What this task involves ▸
Print the lines below from the line with "The 2016 Fellows" to the line with "klasická kulatá lékovka" exactly, keeping both ends, and print no pictures.

Dataset content ▸
══════════════════════════════

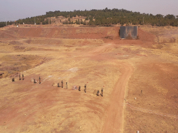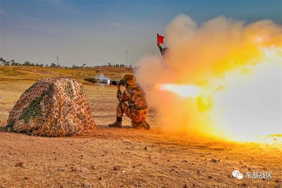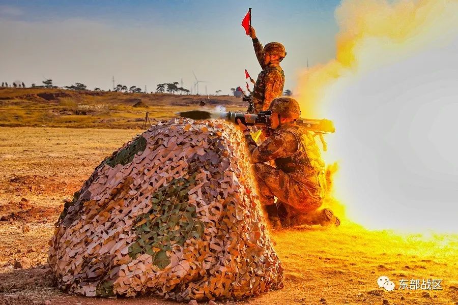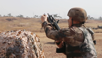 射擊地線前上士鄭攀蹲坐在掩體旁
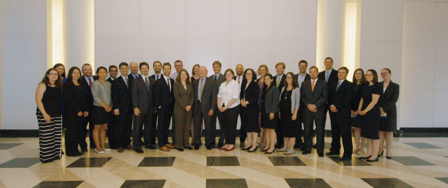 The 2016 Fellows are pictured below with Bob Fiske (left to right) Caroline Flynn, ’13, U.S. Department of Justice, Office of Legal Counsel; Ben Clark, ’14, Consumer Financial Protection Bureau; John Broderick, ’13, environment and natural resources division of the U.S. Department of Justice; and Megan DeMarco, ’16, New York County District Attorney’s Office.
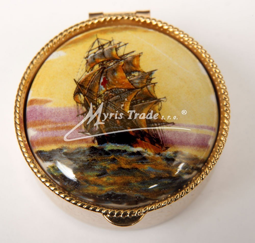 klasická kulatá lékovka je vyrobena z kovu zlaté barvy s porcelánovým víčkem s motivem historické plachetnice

══════════════════════════════

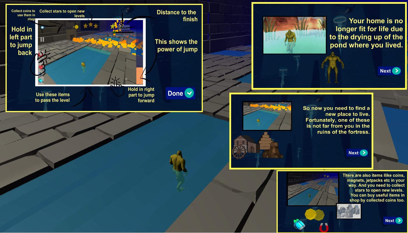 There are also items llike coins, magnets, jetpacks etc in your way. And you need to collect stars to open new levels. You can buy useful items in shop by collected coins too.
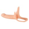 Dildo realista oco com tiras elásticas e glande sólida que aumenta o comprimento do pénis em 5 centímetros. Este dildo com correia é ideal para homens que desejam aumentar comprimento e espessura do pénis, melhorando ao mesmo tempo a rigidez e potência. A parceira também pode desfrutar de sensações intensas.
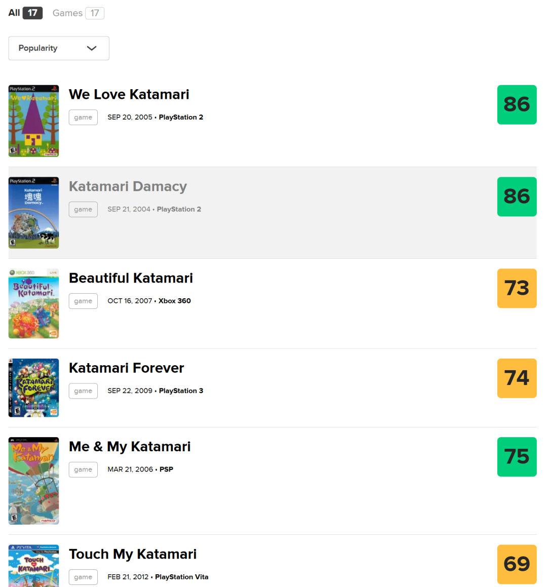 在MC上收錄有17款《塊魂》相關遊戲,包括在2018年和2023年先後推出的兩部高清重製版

══════════════════════════════

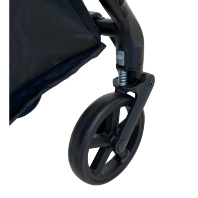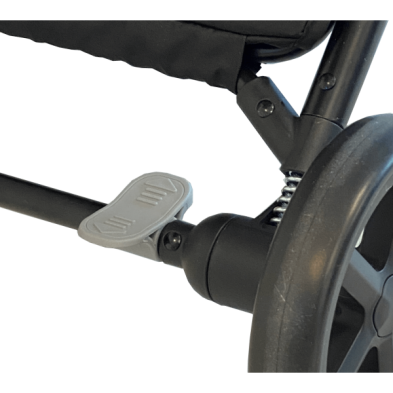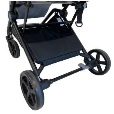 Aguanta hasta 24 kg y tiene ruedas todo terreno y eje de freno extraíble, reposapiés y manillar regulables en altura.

══════════════════════════════

Written response ▸
 The 2016 Fellows are pictured below with Bob Fiske (left to right) Caroline Flynn, ’13, U.S. Department of Justice, Office of Legal Counsel; Ben Clark, ’14, Consumer Financial Protection Bureau; John Broderick, ’13, environment and natural resources division of the U.S. Department of Justice; and Megan DeMarco, ’16, New York County District Attorney’s Office.
 klasická kulatá lékovka je vyrobena z kovu zlaté barvy s porcelánovým víčkem s motivem historické plachetnice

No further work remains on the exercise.